__EXERCISE DATA__.
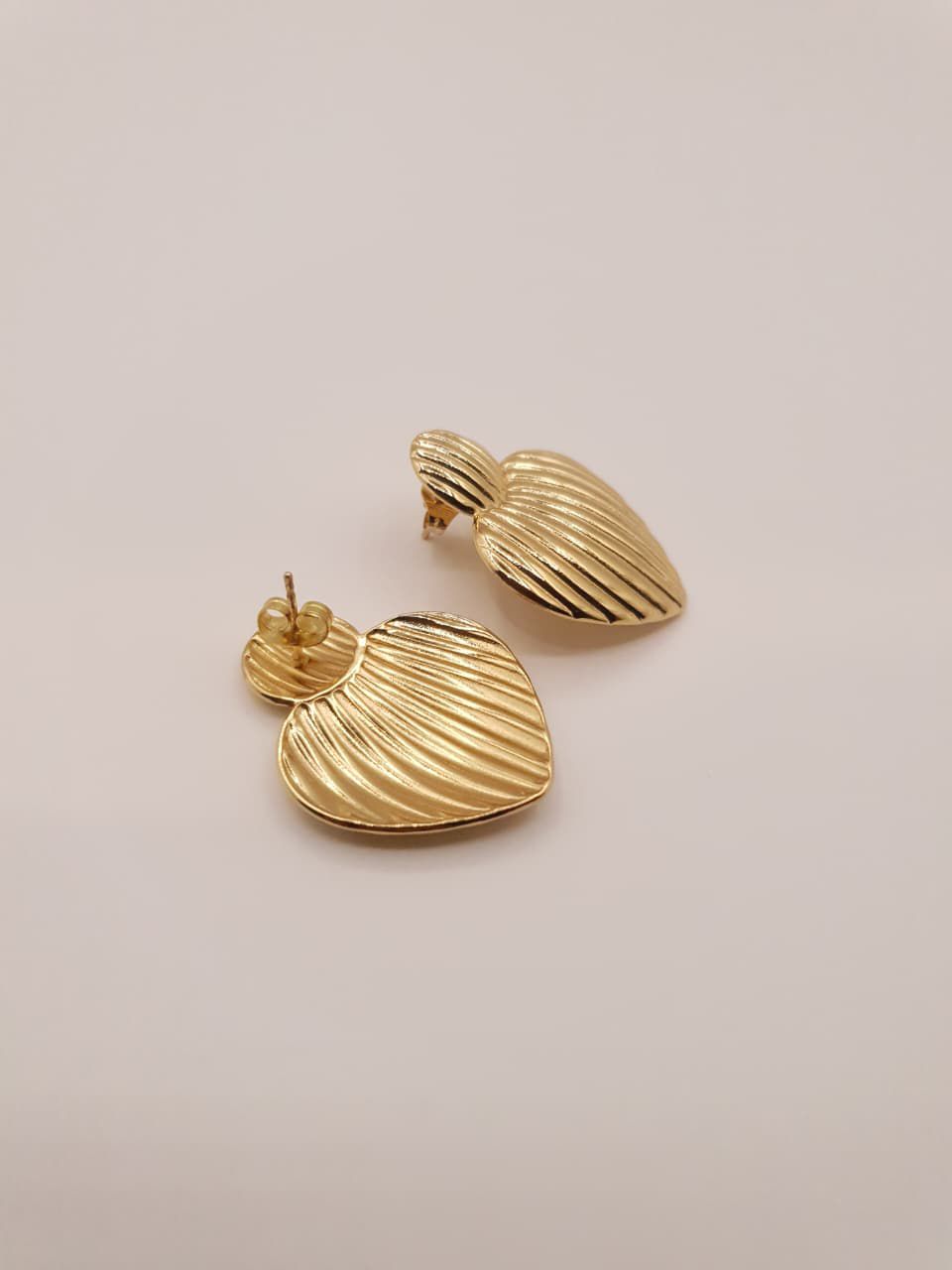 These ribbed heart drop earrings feature a beautifully textured finish with fine grooves that catch the light from every angle. The sculpted heart silhouette paired with a rounded stud top creates a statement look that’s elegant, playful, and timeless all at once.
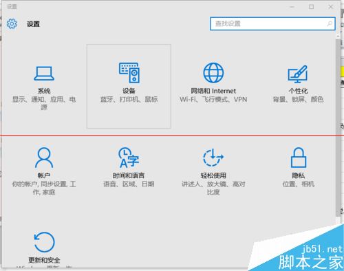 1、进入系统后,点击“开始”菜单,选择“设置”。或者输入快捷键“Win+I”进入设置界面,并点击“设备”。
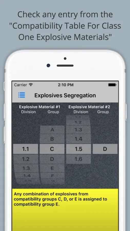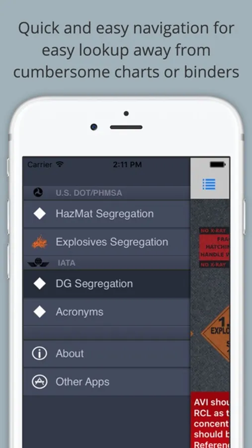 This app utilizes the "Segregation for Hazardous Materials" and "Class 1 Explosives Compatibility" Tables found in DOT/PHMSA Hazmat and IATA Dangerous Goods (DG) Handling Regulations.
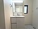 ホワイトを基調とした清潔感のある洗面台。収納部分には小物なども整理して置くことができます。
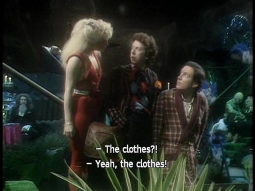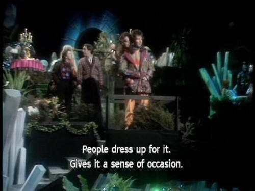 [Arthur] The food! [Trillian] The clothes! [Trillian] The clothes?! [Ford] Yeah, the clothes! [Ford] The End of the Universe is very popular. [Ford] People dress up for it. Gives it a sense of occasion. |
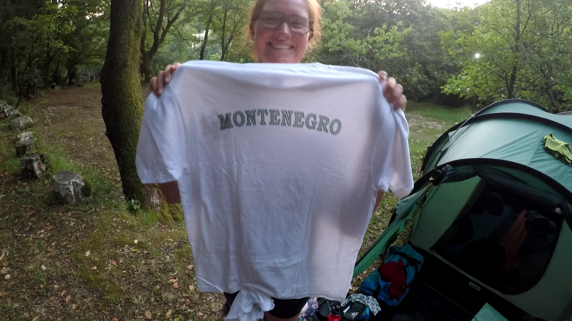 Weil uns das alles etwas krass vorkam, haben wir vorab schon einmal genauer nachgeforscht, was es damit auf sich hat. Raus gefunden haben wir, dass es sich dabei eigentlich nur um so etwas wie eine Kurtaxe handelt, die man auch aus Deutschland kennt. Diese beträgt je nach Verwaltungsbezirk in Montenegro zwischen 0,60€ bis 1,10€ pro Nacht. Alles also mal wieder halb so schlimm, als es dargestellt wird. Dennoch haben wir für uns entschieden, dass wir die 2 oder 3 Nächte, die wir in Montenegro verbringen werden, uns auf einen Campingplatz niederlassen. Zumal diese auch nur wenige Euro kosten. Als Basti gerade das Portmonee am verstauen ist, kommt von der gegenüberliegenden Straßenseite ein Mann aus einem Café auf uns zu und fragt uns, wo her wir kommen und ob wir etwas kaltes Wasser zu trinken haben möchten. Er würde uns einladen. Etwas überrascht nehmen wir diese Einladung natürlich dankend an. Also schieben wir unsere Räder auf die andere Straßenseite und stellen sie an der Hauswand des Cafés ab. Auf der Terrasse des Cafés sitzt noch ein zweiter Mann, der uns sehr freundlich begrüßt, während der andere in das Café verschwindet und kurz darauf mit zwei großen Gläsern gefüllt mit Wasser und Eiswürfeln wieder zurückkommt und uns sagt das wir uns doch bitte setzten möchten, wenn wir wollen. So setzten wir uns zu ihnen auf die Terrasse und unterhalten uns mit ihnen. Dabei stellt sich raus, dass der Mann, der uns das Wasser gebracht hat, der Eigentümer des Cafés ist. Die beiden haben viele Fragen. „Wo kommt ihr her?“, „Wo geht die Reise hin“ und noch viele mehr. Wir unterhalten uns eine ganze Weile mit ihnen. Der andere steht dann auf einmal auf und geht zu seinem Auto, dass direkt neben der Terrasse geparkt steht und macht den Kofferraum auf. Kurz darauf ist er auch schon wieder bei uns und sagt er hat ein kleines Geschenk für uns und hält dabei zwei T-Shirts in den Händen.
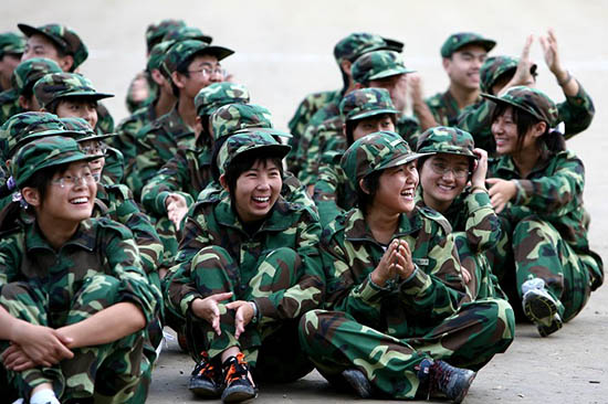 烈日下,操场中,红旗边,方阵间,青春风采完美展现。站军姿,练转身,走正步,整队形,钢铁纪律牢记心头。军训不仅给新生留下了晒得黝黑的皮肤,而且也使他们少了几分娇气,多了一些坚强;少了一份依赖,多了一份自立;少了一份怨天尤人,多了一份勇往直前;少了几分我行我素,多了一些团结合作。时代的骄子,在秋日的阳光下绽放着最美丽的光彩。
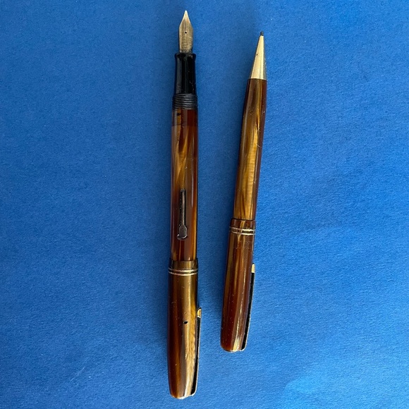 Collectible rare . Canadian Watermans Military Writing Set in Pearl Brown Marble with Gold filled Trim. Fountain Pen and Pencil both in excellent condition in original Leather Case. Set issued to Service Personal during the War. Fountain Pen fitted with the original 14kt gold semi flex medium tipped nib. Unique set , post WW2
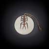 tridacna clam and turtle shell with coconut fibers, the disc-shaped ornament overlain with a filigree of turtle shell representing a frigate bird
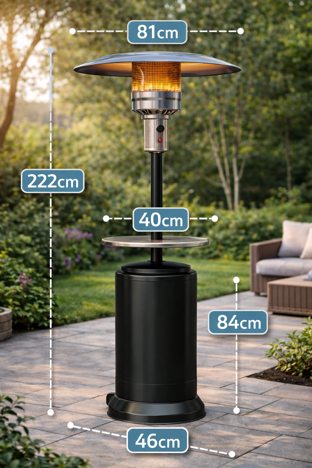 Der Gasheizstrahler mit einer Höhe von 2,2 m und einer Leistung von 12 kW ist die perfekte Lösung für gemütliche Wärme bei jeder Veranstaltung! Mit seiner starken Heizleistung sorgt er zuverlässig für angenehme Temperaturen – ideal für Terrasse, Garten oder Eventfläche. Der integrierte kleine Tisch bietet praktischen Platz für Gläser oder Snacks und macht den Heizstrahler besonders komfortabel im Einsatz. Dank robuster Bauweise und einfacher Handhabung eignet er sich perfekt für private Feiern, Gastronomie oder Firmenevents – für wohlige Wärme und entspannte Atmosphäre bei jedem Anlass!
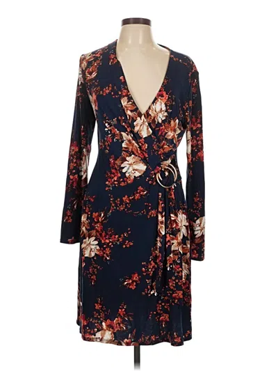 Laundry by Shelli Segal Casual Dress, Size: Large. Item Details: Blue, Floral Pattern, Wrap, Plunge Neckline, Short Length, Long Sleeve, Women's Dresses, Polyester/Elastane
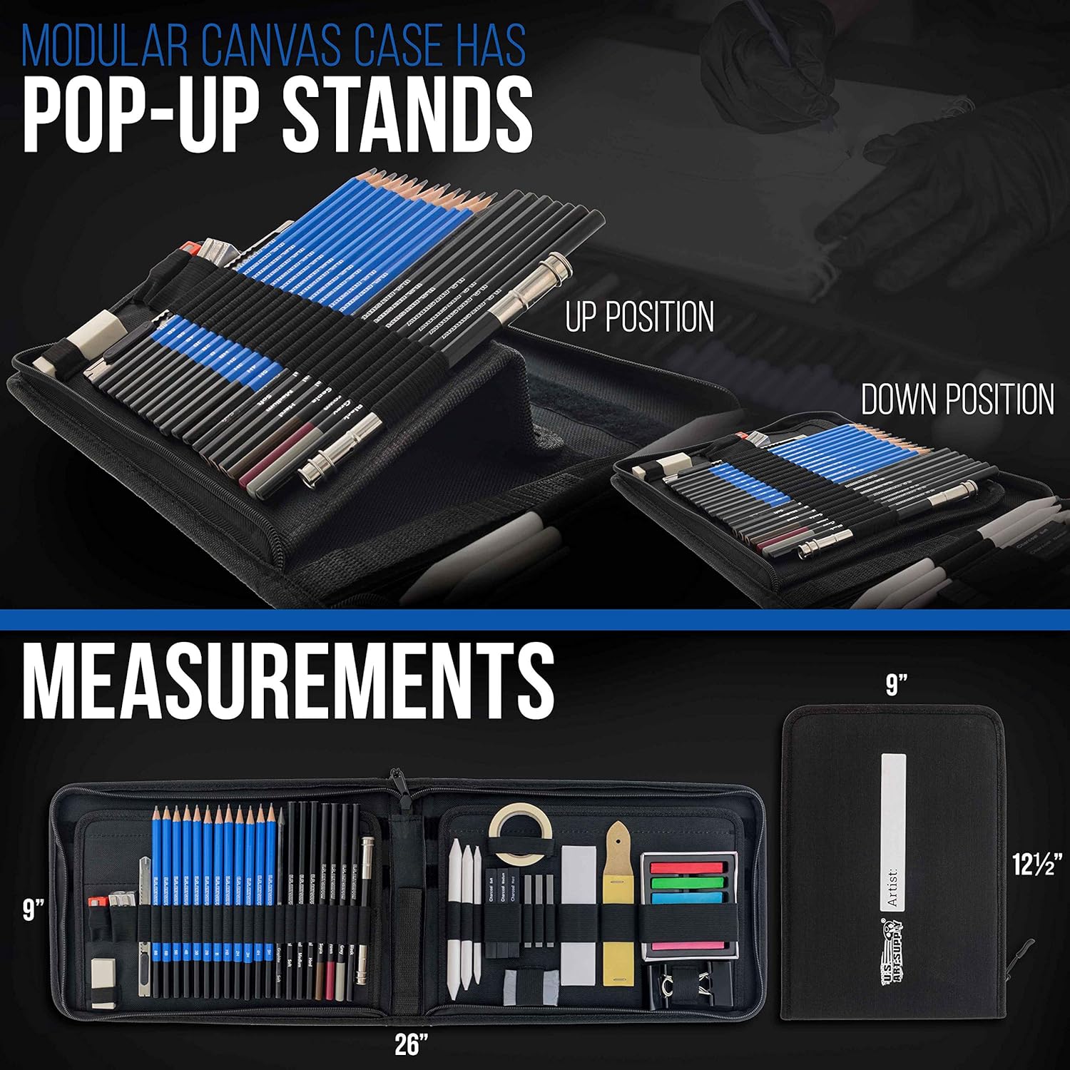 - Complete 54-piece ultimate professional drawing and sketching art set that includes every tool and sketch pad you need to create amazing sketches! The zippered carrying case has all the tools conveniently stored in an elevated pop-up organizer providing easy access to them!

__PROBLEM DESCRIPTION__.
With the pictures set aside, repeat every entry above exactly.

__EXERCISE RESULT__.
 These ribbed heart drop earrings feature a beautifully textured finish with fine grooves that catch the light from every angle. The sculpted heart silhouette paired with a rounded stud top creates a statement look that’s elegant, playful, and timeless all at once.
 1、进入系统后,点击“开始”菜单,选择“设置”。或者输入快捷键“Win+I”进入设置界面,并点击“设备”。
 This app utilizes the "Segregation for Hazardous Materials" and "Class 1 Explosives Compatibility" Tables found in DOT/PHMSA Hazmat and IATA Dangerous Goods (DG) Handling Regulations.
 ホワイトを基調とした清潔感のある洗面台。収納部分には小物なども整理して置くことができます。
 [Arthur] The food! [Trillian] The clothes! [Trillian] The clothes?! [Ford] Yeah, the clothes! [Ford] The End of the Universe is very popular. [Ford] People dress up for it. Gives it a sense of occasion. |
 Weil uns das alles etwas krass vorkam, haben wir vorab schon einmal genauer nachgeforscht, was es damit auf sich hat. Raus gefunden haben wir, dass es sich dabei eigentlich nur um so etwas wie eine Kurtaxe handelt, die man auch aus Deutschland kennt. Diese beträgt je nach Verwaltungsbezirk in Montenegro zwischen 0,60€ bis 1,10€ pro Nacht. Alles also mal wieder halb so schlimm, als es dargestellt wird. Dennoch haben wir für uns entschieden, dass wir die 2 oder 3 Nächte, die wir in Montenegro verbringen werden, uns auf einen Campingplatz niederlassen. Zumal diese auch nur wenige Euro kosten. Als Basti gerade das Portmonee am verstauen ist, kommt von der gegenüberliegenden Straßenseite ein Mann aus einem Café auf uns zu und fragt uns, wo her wir kommen und ob wir etwas kaltes Wasser zu trinken haben möchten. Er würde uns einladen. Etwas überrascht nehmen wir diese Einladung natürlich dankend an. Also schieben wir unsere Räder auf die andere Straßenseite und stellen sie an der Hauswand des Cafés ab. Auf der Terrasse des Cafés sitzt noch ein zweiter Mann, der uns sehr freundlich begrüßt, während der andere in das Café verschwindet und kurz darauf mit zwei großen Gläsern gefüllt mit Wasser und Eiswürfeln wieder zurückkommt und uns sagt das wir uns doch bitte setzten möchten, wenn wir wollen. So setzten wir uns zu ihnen auf die Terrasse und unterhalten uns mit ihnen. Dabei stellt sich raus, dass der Mann, der uns das Wasser gebracht hat, der Eigentümer des Cafés ist. Die beiden haben viele Fragen. „Wo kommt ihr her?“, „Wo geht die Reise hin“ und noch viele mehr. Wir unterhalten uns eine ganze Weile mit ihnen. Der andere steht dann auf einmal auf und geht zu seinem Auto, dass direkt neben der Terrasse geparkt steht und macht den Kofferraum auf. Kurz darauf ist er auch schon wieder bei uns und sagt er hat ein kleines Geschenk für uns und hält dabei zwei T-Shirts in den Händen.
 烈日下,操场中,红旗边,方阵间,青春风采完美展现。站军姿,练转身,走正步,整队形,钢铁纪律牢记心头。军训不仅给新生留下了晒得黝黑的皮肤,而且也使他们少了几分娇气,多了一些坚强;少了一份依赖,多了一份自立;少了一份怨天尤人,多了一份勇往直前;少了几分我行我素,多了一些团结合作。时代的骄子,在秋日的阳光下绽放着最美丽的光彩。
 Collectible rare . Canadian Watermans Military Writing Set in Pearl Brown Marble with Gold filled Trim. Fountain Pen and Pencil both in excellent condition in original Leather Case. Set issued to Service Personal during the War. Fountain Pen fitted with the original 14kt gold semi flex medium tipped nib. Unique set , post WW2
 tridacna clam and turtle shell with coconut fibers, the disc-shaped ornament overlain with a filigree of turtle shell representing a frigate bird
 Der Gasheizstrahler mit einer Höhe von 2,2 m und einer Leistung von 12 kW ist die perfekte Lösung für gemütliche Wärme bei jeder Veranstaltung! Mit seiner starken Heizleistung sorgt er zuverlässig für angenehme Temperaturen – ideal für Terrasse, Garten oder Eventfläche. Der integrierte kleine Tisch bietet praktischen Platz für Gläser oder Snacks und macht den Heizstrahler besonders komfortabel im Einsatz. Dank robuster Bauweise und einfacher Handhabung eignet er sich perfekt für private Feiern, Gastronomie oder Firmenevents – für wohlige Wärme und entspannte Atmosphäre bei jedem Anlass!
 Laundry by Shelli Segal Casual Dress, Size: Large. Item Details: Blue, Floral Pattern, Wrap, Plunge Neckline, Short Length, Long Sleeve, Women's Dresses, Polyester/Elastane
 - Complete 54-piece ultimate professional drawing and sketching art set that includes every tool and sketch pad you need to create amazing sketches! The zippered carrying case has all the tools conveniently stored in an elevated pop-up organizer providing easy access to them!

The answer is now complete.